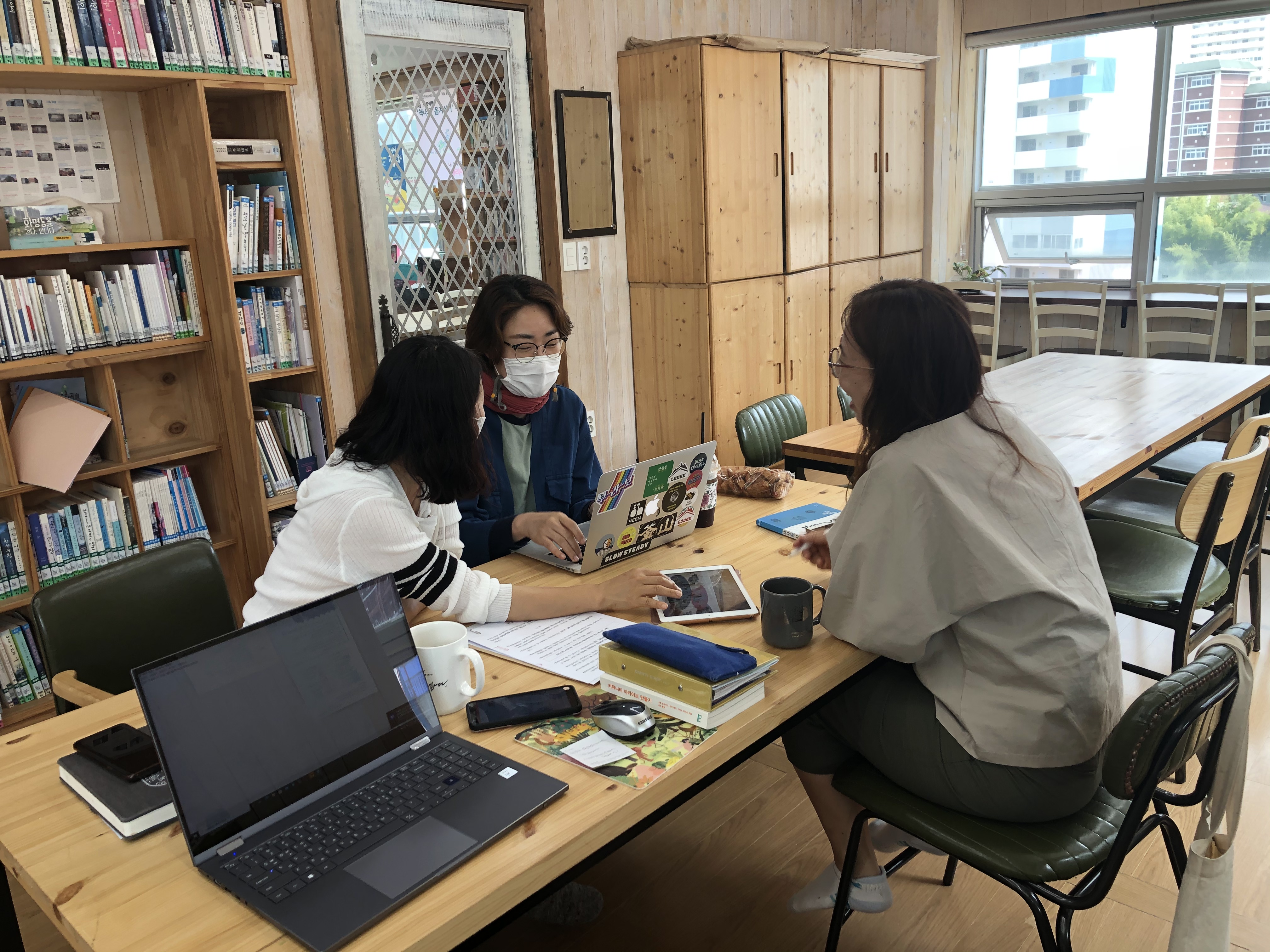 도서관 활동가들은 화명동 마을기록관이 기존의 마을박물관처럼 그저 옛기록을 모아두는데 그치는 장소가 아닌, 오늘날의 황명동에 관한 기록이 주민의 힘으로 매일매일 쌓여가는 생동하는 마을기록관으로 만들고 싶다고 하셨어요. 그러기 위해서는 여러가지 자원과 준비가 필요한데 공모지원사업 신청을 염두해두셨고 함께 협업할 파트너로 미디토리와 빨간집의 문을 두드리셨던거죠.
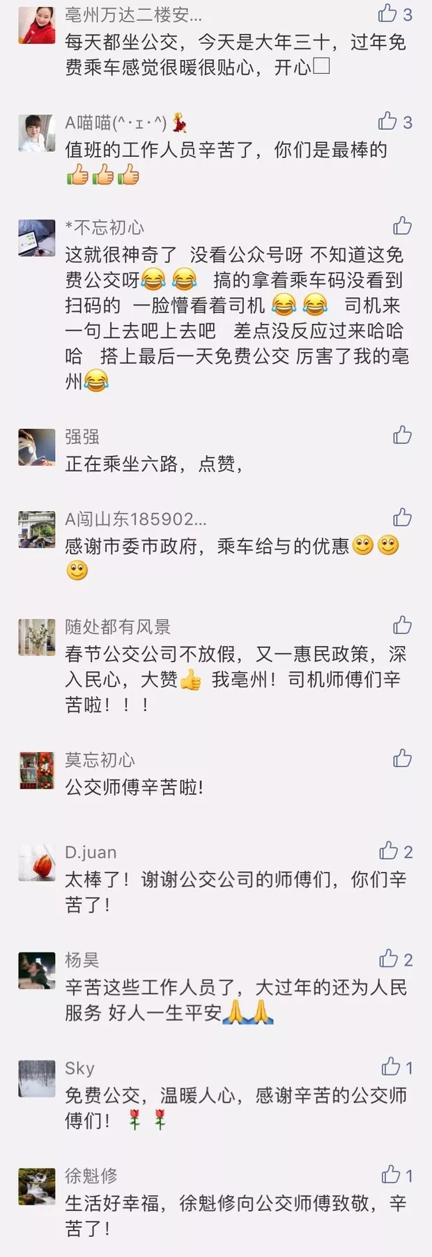 乘客李女士表示,自己平時(shí)上班都會(huì)乘公交去單位,發(fā)現(xiàn)亳州公交的優(yōu)惠活動(dòng)特別多,之前“五一”假期期間也開(kāi)展了“免費(fèi)乘公交”活動(dòng),每年的“公交宣傳周”也給市民帶來(lái)不少福利,亳州公交真是一心為民,真正為老百姓著想呀!
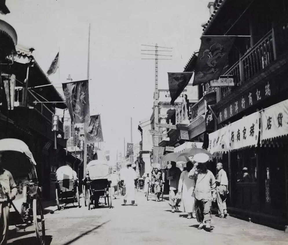 街头飘着的是黄龙旗,黄底蓝龙戏珠,旗角在阳光里发白,楼上的雕栏挂满布幅,栏杆外伸着杆子,旗面一溜排开,路上人撑伞抿着步子,车夫弓着背追着客,时代要转弯了,可旗还是照挂,买卖照做,谁也不肯把日子弄丢。
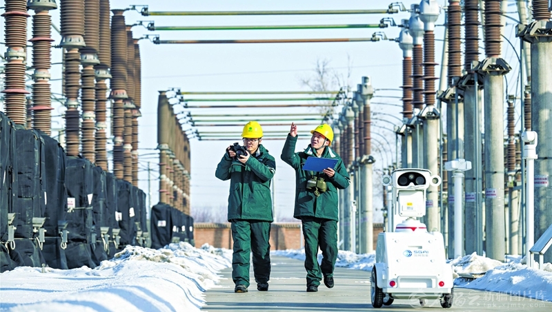 2月17日,国网昌吉供电公司变电运维中心值班员和巡检机器人在220千伏长宁变电站巡检。何龙摄
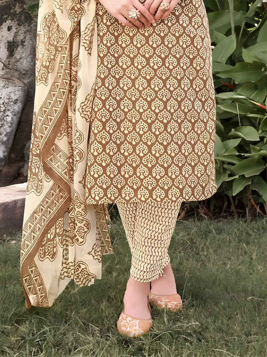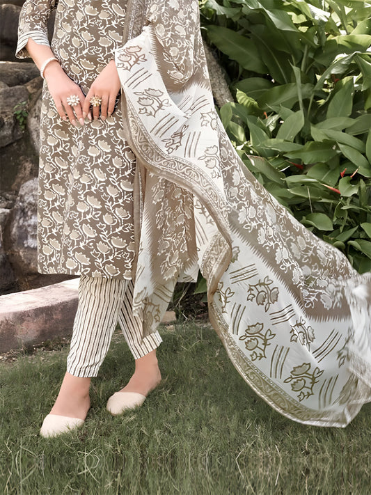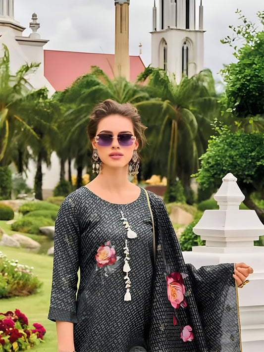 Charcoal Floral Pure Viscose Print Silk Stitched Suit Set
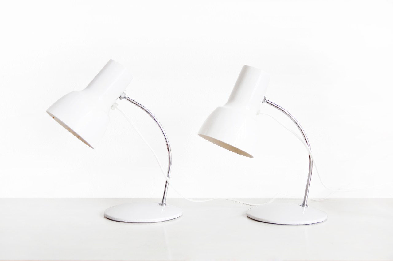 Omschrijving: Stijlvolle mid century modern tafel lamp, welke ook te gebruiken zijn als nachtlampjes of bureaulamp met verstelbare lampenkap uit Tsjecho-Slowakije. Deze lamp is in de jaren 70 ontworpen door Josef Hurka en geproduceerd door Napako. De lampen hebben een standaard E27 fitting.
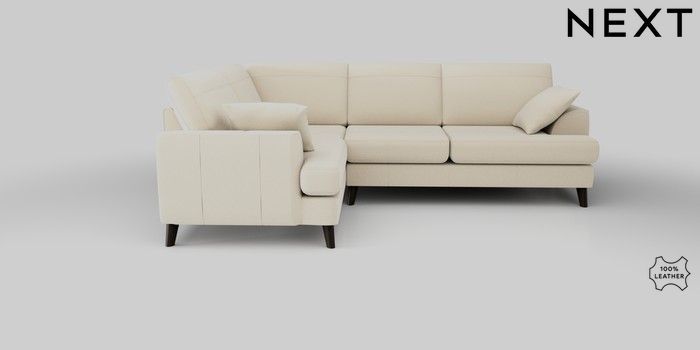 6.12.1 Buy Parker Leather Medium Corner Sofa - Left Hand Turin Leather Cream Low Retro Tapered - Dark from the Laura Ashley online shop Click here to use our website with more accessibility support, for example screen readers
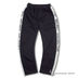 Спортивные брюки прямого силуэта. В пояс вставлена резинка. Контрастные лампасы с надписями.
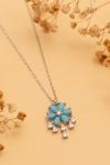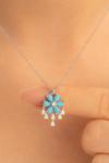 Turkuaz taşlarla süslenmiş çiçek motifleri, feminen ve zarif bir dokunuş katarken, her türlü kıyafetle uyum sağlar
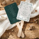 Les tons émeraude vibrants apportent une élégance fraîche et intemporelle à cet éventail de programme de mariage français vintage, parfait pour une célébration raffinée et romantique. Le design est encadré par un cadre floral chinoiserie gracieux, présentant une œuvre d'art florale complexe inspirée de l'illustration botanique victorienne et des motifs classiques de toile de Jouy. Idéal pour un mariage classique ou un mariage romantique, cet éventail de mariage élégant allie beauté et fonctionnalité tout en se coordonnant parfaitement avec votre suite de papeterie complète.
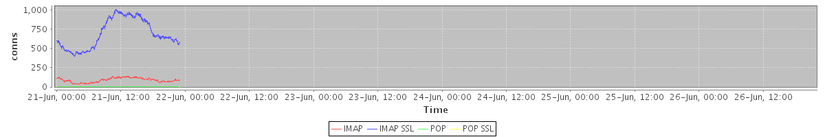 Host zm06.stanford.edu: Mailboxd: Active Connections by Client Protocol
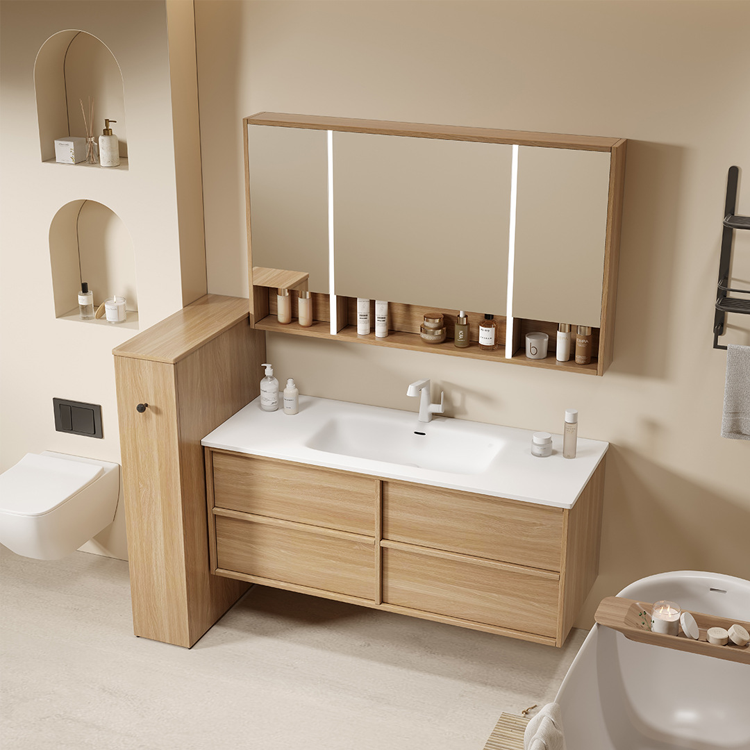 - 規格:120CM陶瓷一體盆+智能鏡櫃
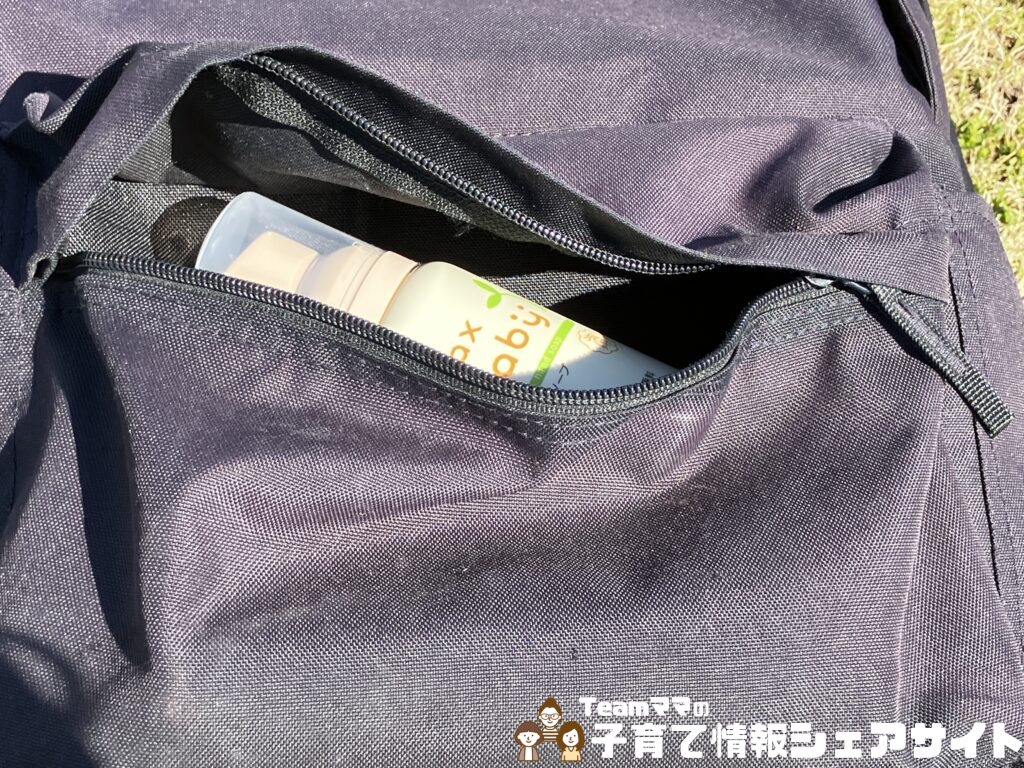 縦13.2cmです。1歳〜1歳半の靴ぐらい、無印のリュックの前ポケットに余裕で入る大きさ。キャップもついているので、バッグやリュックの中で漏れる心配もありません。お子さんがキャップを開けてしまう心配がある方はジップロックに入れておくと安心かもしれません。
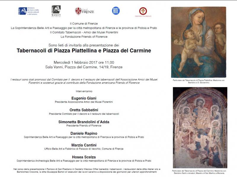 A nome di Friends of Florence siamo lieti di inviarla alla presentazione di due tabernacoli restaurati con il contributo di Friends of Florence e promossi dal Comitato Tabernacoli degli Amici dei Musei che si terrà in Sala Vanni in Piazza del Carmine 14/19 il prossimo 1 febbraio alle ore 11,00.

* * * *

TASK BRIEF
Give the data again exactly as it appears, but without any images.

RESULT OF THIS EXERCISE
 도서관 활동가들은 화명동 마을기록관이 기존의 마을박물관처럼 그저 옛기록을 모아두는데 그치는 장소가 아닌, 오늘날의 황명동에 관한 기록이 주민의 힘으로 매일매일 쌓여가는 생동하는 마을기록관으로 만들고 싶다고 하셨어요. 그러기 위해서는 여러가지 자원과 준비가 필요한데 공모지원사업 신청을 염두해두셨고 함께 협업할 파트너로 미디토리와 빨간집의 문을 두드리셨던거죠.
 乘客李女士表示,自己平時(shí)上班都會(huì)乘公交去單位,發(fā)現(xiàn)亳州公交的優(yōu)惠活動(dòng)特別多,之前“五一”假期期間也開(kāi)展了“免費(fèi)乘公交”活動(dòng),每年的“公交宣傳周”也給市民帶來(lái)不少福利,亳州公交真是一心為民,真正為老百姓著想呀!
 街头飘着的是黄龙旗,黄底蓝龙戏珠,旗角在阳光里发白,楼上的雕栏挂满布幅,栏杆外伸着杆子,旗面一溜排开,路上人撑伞抿着步子,车夫弓着背追着客,时代要转弯了,可旗还是照挂,买卖照做,谁也不肯把日子弄丢。
 2月17日,国网昌吉供电公司变电运维中心值班员和巡检机器人在220千伏长宁变电站巡检。何龙摄
 Charcoal Floral Pure Viscose Print Silk Stitched Suit Set
 Omschrijving: Stijlvolle mid century modern tafel lamp, welke ook te gebruiken zijn als nachtlampjes of bureaulamp met verstelbare lampenkap uit Tsjecho-Slowakije. Deze lamp is in de jaren 70 ontworpen door Josef Hurka en geproduceerd door Napako. De lampen hebben een standaard E27 fitting.
 6.12.1 Buy Parker Leather Medium Corner Sofa - Left Hand Turin Leather Cream Low Retro Tapered - Dark from the Laura Ashley online shop Click here to use our website with more accessibility support, for example screen readers
 Спортивные брюки прямого силуэта. В пояс вставлена резинка. Контрастные лампасы с надписями.
 Turkuaz taşlarla süslenmiş çiçek motifleri, feminen ve zarif bir dokunuş katarken, her türlü kıyafetle uyum sağlar
 Les tons émeraude vibrants apportent une élégance fraîche et intemporelle à cet éventail de programme de mariage français vintage, parfait pour une célébration raffinée et romantique. Le design est encadré par un cadre floral chinoiserie gracieux, présentant une œuvre d'art florale complexe inspirée de l'illustration botanique victorienne et des motifs classiques de toile de Jouy. Idéal pour un mariage classique ou un mariage romantique, cet éventail de mariage élégant allie beauté et fonctionnalité tout en se coordonnant parfaitement avec votre suite de papeterie complète.
 Host zm06.stanford.edu: Mailboxd: Active Connections by Client Protocol
 - 規格:120CM陶瓷一體盆+智能鏡櫃
 縦13.2cmです。1歳〜1歳半の靴ぐらい、無印のリュックの前ポケットに余裕で入る大きさ。キャップもついているので、バッグやリュックの中で漏れる心配もありません。お子さんがキャップを開けてしまう心配がある方はジップロックに入れておくと安心かもしれません。
 A nome di Friends of Florence siamo lieti di inviarla alla presentazione di due tabernacoli restaurati con il contributo di Friends of Florence e promossi dal Comitato Tabernacoli degli Amici dei Musei che si terrà in Sala Vanni in Piazza del Carmine 14/19 il prossimo 1 febbraio alle ore 11,00.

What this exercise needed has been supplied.